The use and ingenuity of the hands, should be encouraged in children. Neither should their ruling tastes be too much counteracted, in selecting their business for life. The due admixture, and welfare of different trades and professions in the body politic, is like the fine economy of the frame. "So that the eye cannot say to the hand, nor again the hand to the feet, I have no need of you." It is becoming but too common to depress mechanics and agriculturists, the very sinews and life-blood of the land, and to elevate a sort of speculating indolence which in the end, may make the drones disproportionate to the honey in our national hive.

Yet whatever mental tendency our children may reveal, or to whatever employment they are destined, let us teach them the art of thinking. Let us prize the slightest fragment of thought which in broken whispers they submit to our ear. While we require their opinion of the sentiments and language of authors, the traits of character which they perceive around, and the trains thought which they find most salutary or agreeable, let us gently but faithfully regulate, a dazzling imagination, or a defective judgment. It has been said of one of our distinguished divines, that his mind in childhood, received impulse and colouring from a pious mother, who taught him how to think. Though she was early removed, he imbibed from her tuition, that love of letters, that taste for original and independent research which impelled him to conquer all the hardships of restricted circumstances, and obtain the benefits and honours of classic education.

Mothers should never remit their exertions, until by teaching their children to think, they familiarize them with the power and use of their own minds. Especially let them not "despise the day of small things," nor despair, if the effect of their arduous labour, is not immediately, or distinctly visible. A friend of the great Michael Angelo, saw him one day, at work upon a statue. Long afterward, he called, and it was yet unfinished.

"Have you been idle?"

"Ah, no. I have retouched here, and polished there. I have softened this feature, and brought that muscle forth in bolder relief. I have given more expression to the lip, more grace and energy to the form."

"Still these are but trifles."

"It may be so. But recollect that trifles make perfection, though perfection itself is no trifle."

The sculptor upon his dead marble, ought not to surpass in patience, us, who fashion the living image, and whose work is upon the "fleshly tables of the heart." Can we keep too strongly in view, the imperishable nature, the priceless value of those for whom we toil? In every child, there is an endless history. Compare the annals of the most boasted nation, with the story of one unending existence: has not our Saviour already shown the result, in his parallel between the gain of the whole world, and the loss of one soul? Assyria stretched out its colossal limbs, and sank ignobly, like the vaunting champion, on the plains of Elah. Egypt came up proudly, with temple, and labyrinth, and pyramid, but fell down manacled at the feet of the Turk. Greece, so long the light of the world, deserted by poet and philosopher, fled, pale as her own sculpture, from the same brutal foe. Rome, thundered and fell. She struggled indeed, and was centuries in dying. But is she not dead? Can a mummy in the Vatican, from its gilded sarcophagus, be indeed that Rome, before whom the world trembled?

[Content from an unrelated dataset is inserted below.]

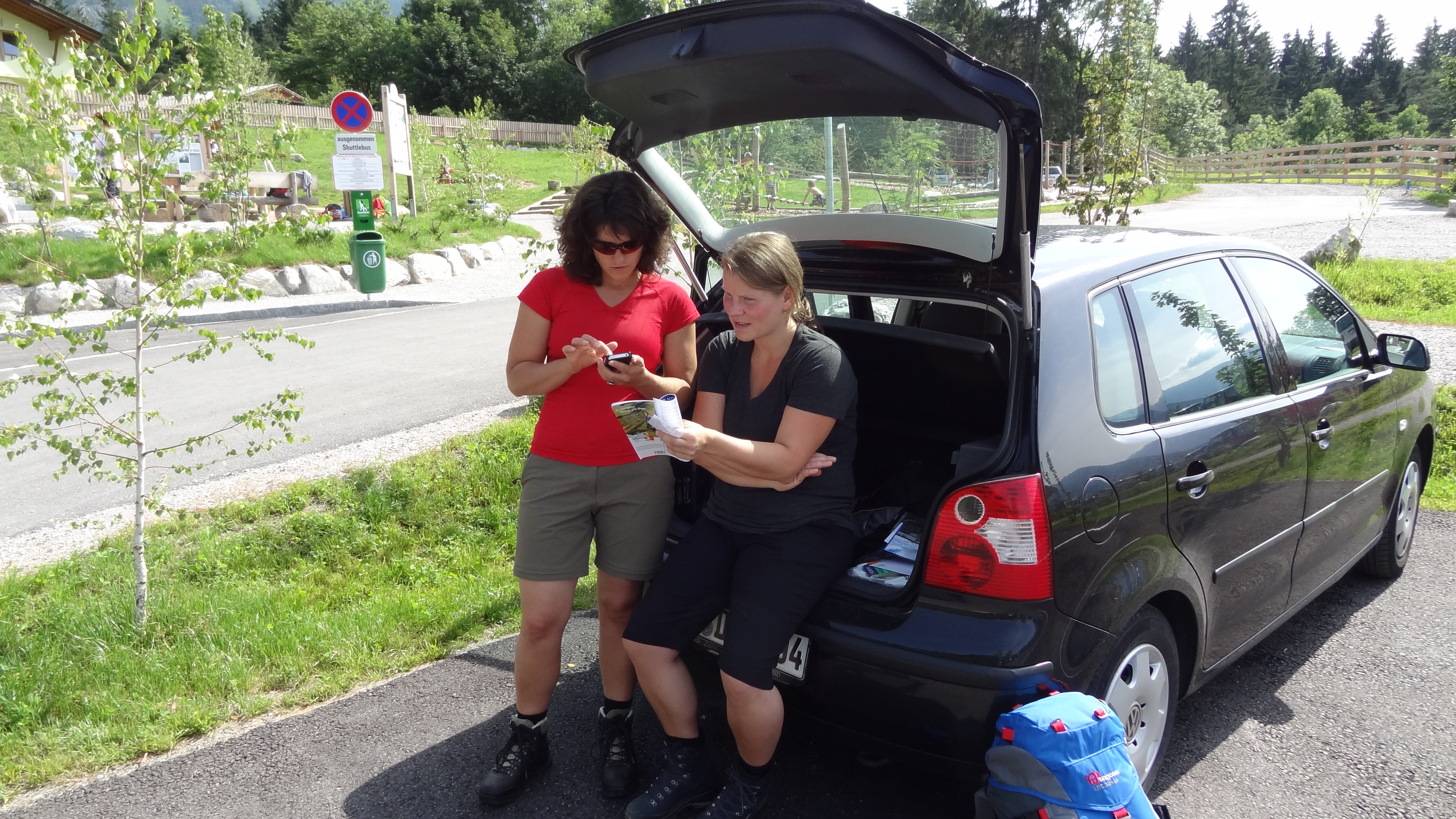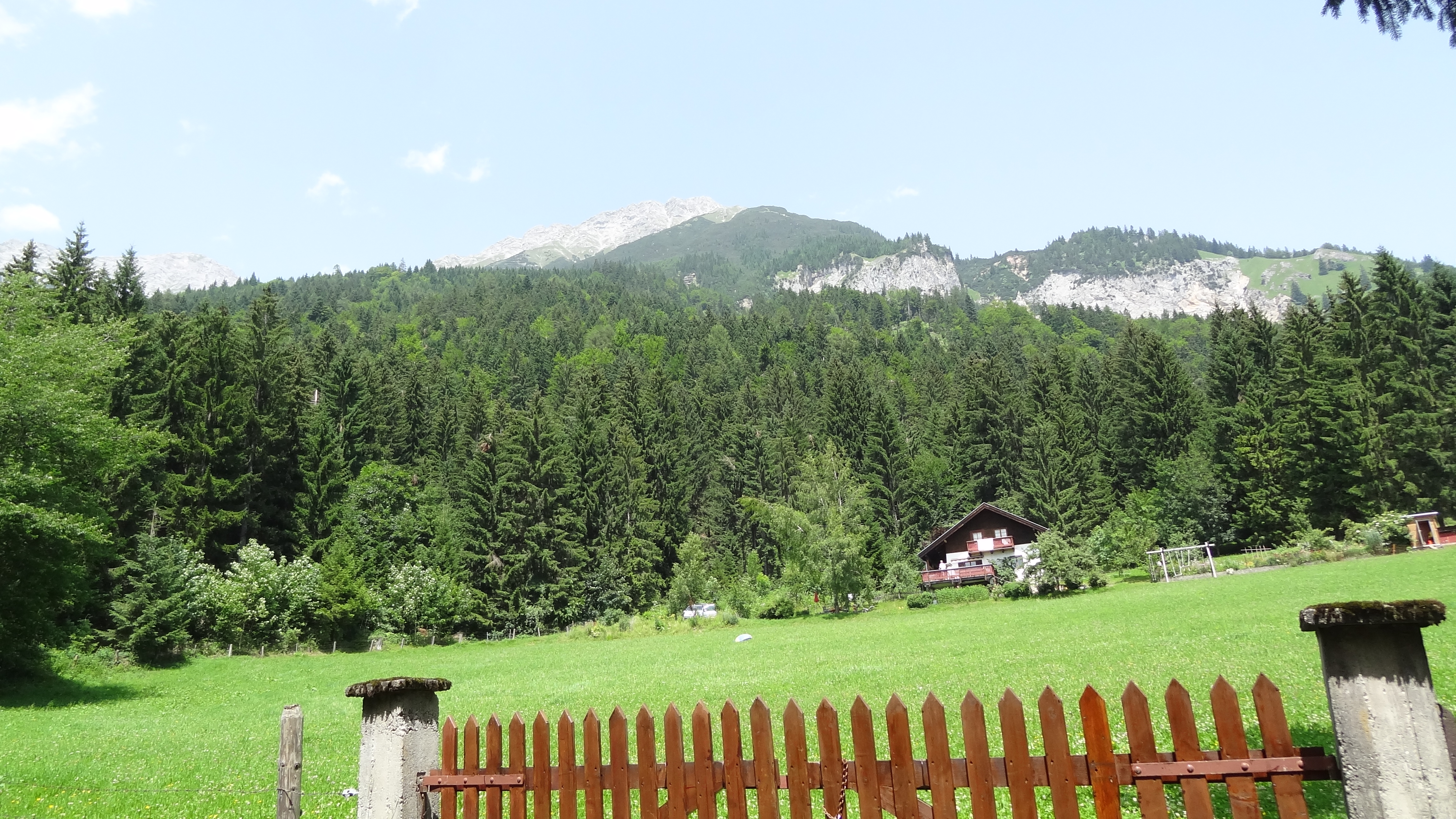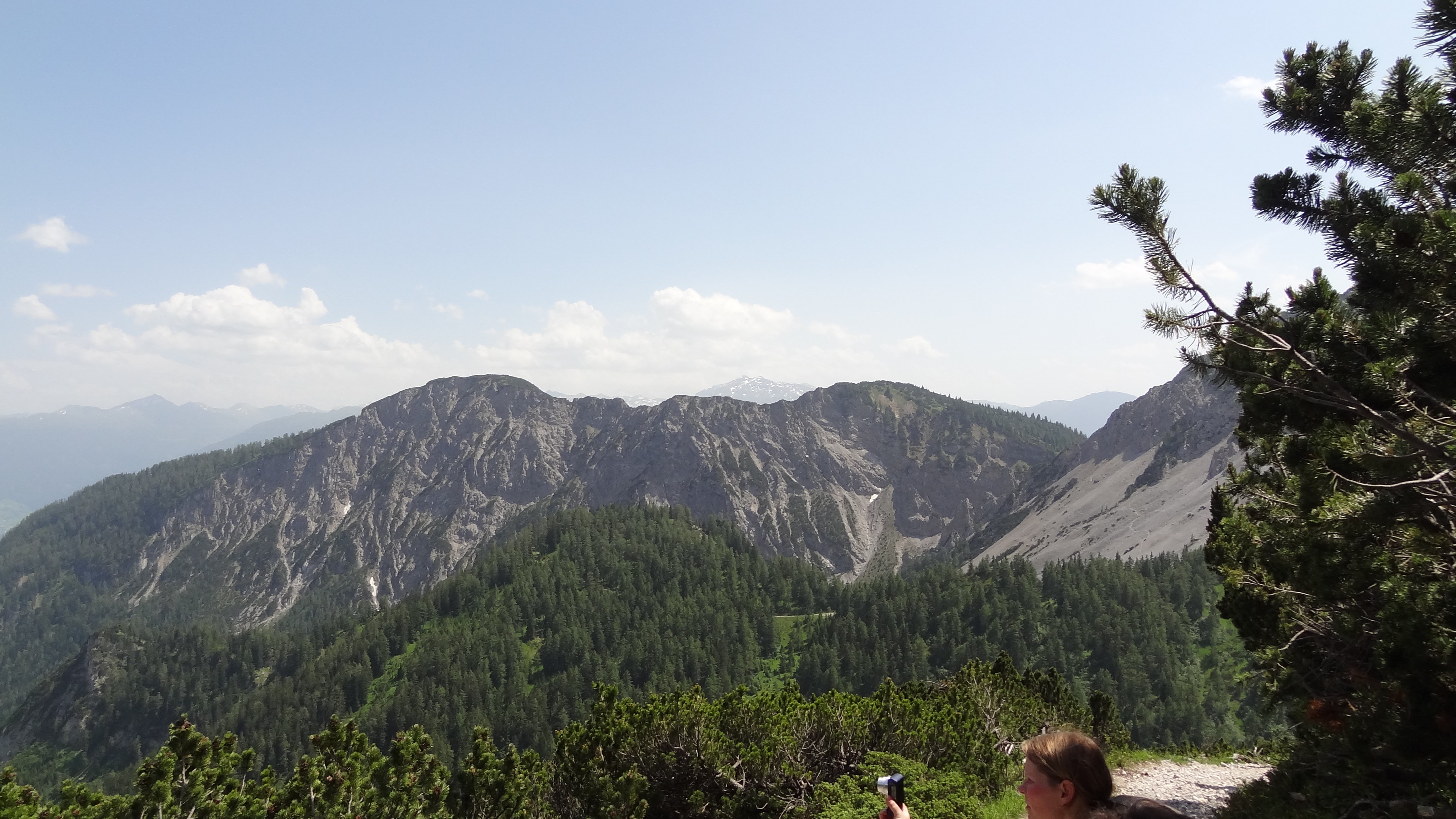 By the time we reached the very bottom, where we would get a bus back to Absam (where we had parked the car three days before), we could see back up the mountain to the top of where we had descended from:

The story of these empires fills many pages. The little child reads them, and is wearied out when their ancient features shall have faded from the map of nations, and the tomes that recorded their triumphs and their fate, blacken in the last flame, where shall be the soul of that little child? Mother? where?

Will it not then, have but just begun its eternal duration? Will not its history, be studied by archangels? Proud Philosophy, perchance viewed it as a noteless thing, an atom. Doth God, the former of the body, the father of the spirit, thus regard it?

Mothers of the four millions of children, who are yet to be educated in this Western World, to whom our country looks, as her defence and glory, Mothers, of four millions of immortal beings have you any time to waste? any right to loiter on your great work?